### SUPPLIED DATA
Start of Block
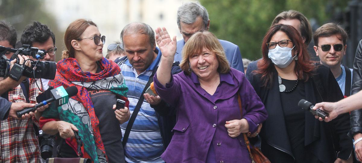 Светлана Алексиевич приехала к зданию СК 26 августа с членами Координационного совета Максимом Знаком, Павлом Латушко и Марией Колесниковой. Поддержать Алексиевич пришли люди, они встретили ее аплодисментами, пишет tut.by.
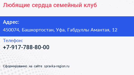 Любящие сердца, семейный клуб по адресу 450074, Башкортостан, Уфа, Габдуллы Амантая, 12 в дальнейшем Организация, размещена в следующих категориях:
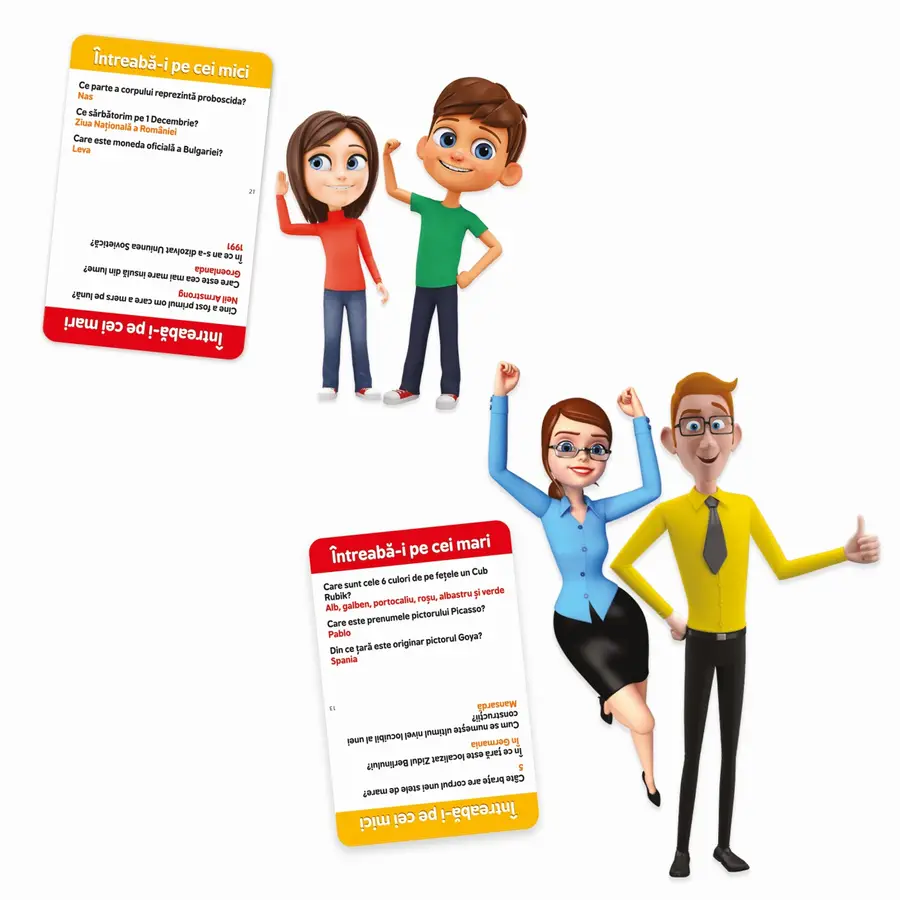 Cel mai distractiv joc de cunostinte generale pentru copii si parinti! Cu doua categorii de intrabari, familia este gata de confruntare. Raspunzand la intrebari de cultura generala, copiii au sansa de a demonstra ca oul e mai destept decat gaina! Prin raspunsuri corecte la intrebarile de pe cartonasele de joc, fiecare echipa va inainta pe tabla de joc. Aveti grija la pozitiile BONUS sau PEDEAPSA, pentru ca va pot ajuta sa inaintati, sau va pot intoarce cateva pozitii pe tabla de joc. Echipa care care ajunge prima la linia de Finish castiga! Jocul contine tabla de joc, 110 cartonase de joc cu 660 de intrebari, 2 pioni si instructiuni de joc. Varsta 7+. Jucatori 2+.
End of Block
### TO DO
Once the pictures are set aside, please output all the data word for word.

### RESULT BELOW
 Светлана Алексиевич приехала к зданию СК 26 августа с членами Координационного совета Максимом Знаком, Павлом Латушко и Марией Колесниковой. Поддержать Алексиевич пришли люди, они встретили ее аплодисментами, пишет tut.by.
 Любящие сердца, семейный клуб по адресу 450074, Башкортостан, Уфа, Габдуллы Амантая, 12 в дальнейшем Организация, размещена в следующих категориях:
 Cel mai distractiv joc de cunostinte generale pentru copii si parinti! Cu doua categorii de intrabari, familia este gata de confruntare. Raspunzand la intrebari de cultura generala, copiii au sansa de a demonstra ca oul e mai destept decat gaina! Prin raspunsuri corecte la intrebarile de pe cartonasele de joc, fiecare echipa va inainta pe tabla de joc. Aveti grija la pozitiile BONUS sau PEDEAPSA, pentru ca va pot ajuta sa inaintati, sau va pot intoarce cateva pozitii pe tabla de joc. Echipa care care ajunge prima la linia de Finish castiga! Jocul contine tabla de joc, 110 cartonase de joc cu 660 de intrebari, 2 pioni si instructiuni de joc. Varsta 7+. Jucatori 2+.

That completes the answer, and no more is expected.